HIROSHIMA: EIGHTY YEARS ON

Chris Danziger, tutor, Continuing Education Department, Oxford University, United Kingdom


Tuesday 27–Thursday 29 January  9.15 am  COURSE FEES R345; Staff and students R173

 

Eighty years ago, the world learned that the Japanese city of Hiroshima had been shattered by a weapon of unprecedented destructiveness. Eight days later the Japanese accepted the Allied terms of surrender.

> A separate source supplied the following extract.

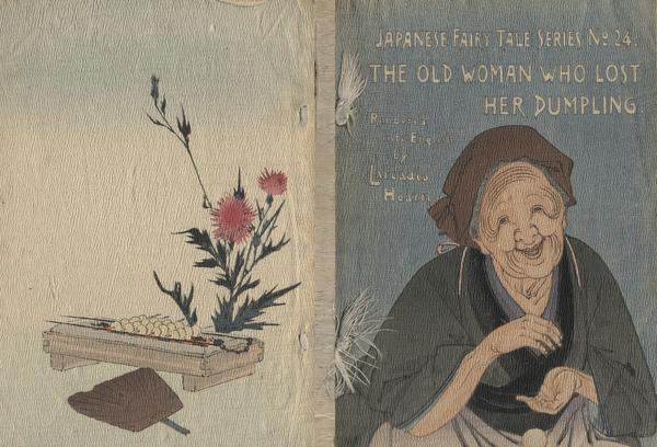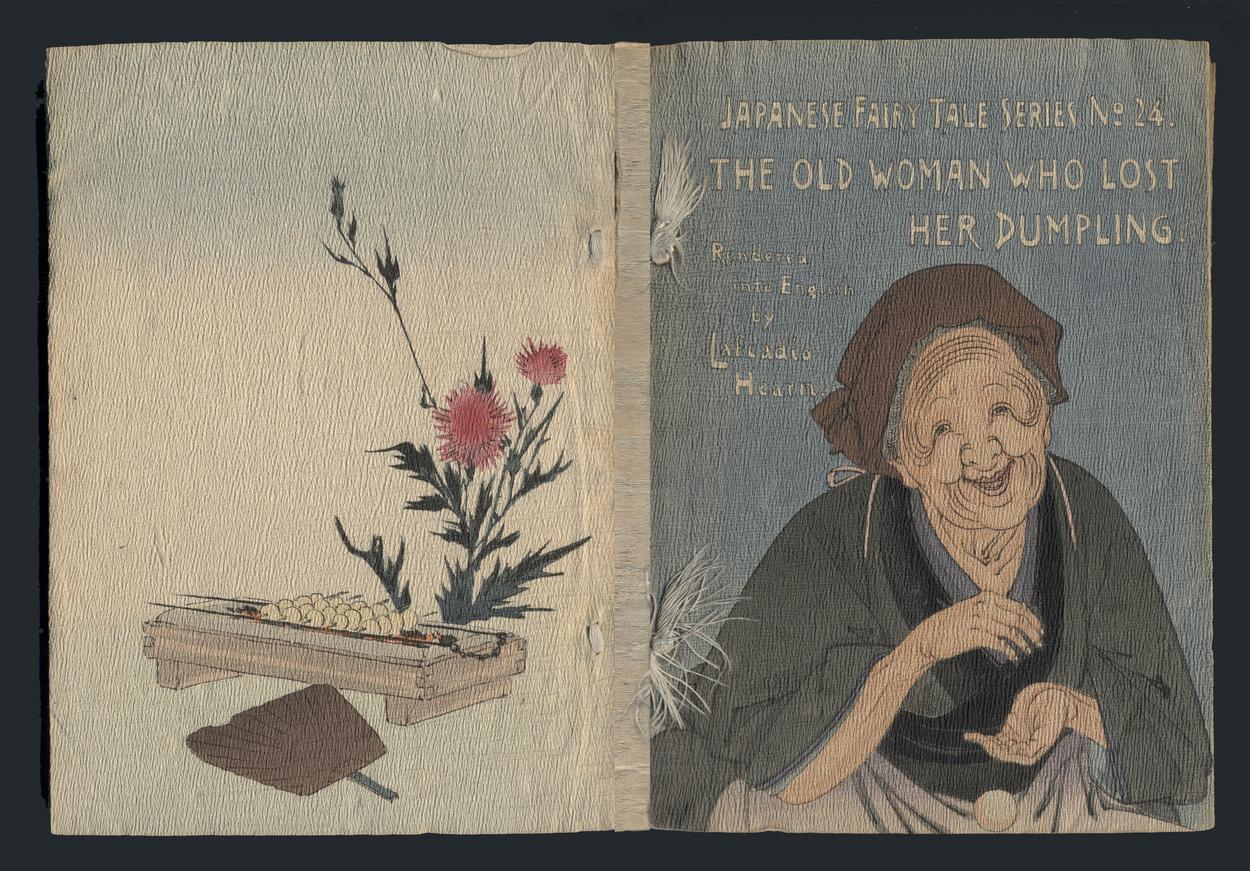 The Old Woman Who Lost Her Dumpling, Rendered into English by Lafcadio Hearn, No 24, Japanese Fairy Tale Series (English), ca 1902, 38 Honmura-cho, Yotsuya-ku, Tokyo, T. Hasegawa - Publisher and Art Printer, medium size for a Hasegawa/Kobunsha book, 12mo (5 1/4 x 7 1/2 in - 13.5 x 19.2 cm), crepe paper in folded sheets, spine covered, silk tied, 2 pages of publisher's books at the rear, 24 pp - 12 folded (including covers). The title on the first page of text reads Dumplings whereas the title on the cover is Dumpling. One book listed (Chin-Chin Kobakama) was published the year after this book was first published. The front cover and back covers are nicely illustrated in color.

Was the news in fact as much of a surprise to the Japanese and the world as it seemed? All sides fighting in the Second World War, including the Japanese, had been racing to develop a nuclear-type bomb. Even so, it took a second bomb, dropped three days later on Nagasaki, to convince the Japanese to surrender. On the other hand, what was it that persuaded the Americans to bring the war to a close by taking risks with such incalculable effects on human life effects of which they were only vaguely aware? It is understandable only in the context of the literally suicidal determination of the Japanese not to yield an inch of conquered territory, and the four- year-old war which was still raging in the Pacific four months after the war in Europe ended. Weapons of such destructiveness have never been used again, but the world is still adjusting to the aftermath of the explosion.

Lecture titles

  1. The Empire of the Rising Sun
  2. Two Pacific superpowers at war
  3. The ultimate deterrent and its legacy

Recommended reading

Bird, K and Sherwin, M. 2005. Robert Oppenheimer: American Prometheus. New York: Alfred Knopf. Hoyt, E. 1986. Japan’s War: The Great Pacific Conflict. New York: McGraw-Hill.

Rhodes, R. 1986. The Making of the Atomic Bomb. New York: Simon and Schuster. Tolland, J. 1970. The Rising Sun. New York: Random House.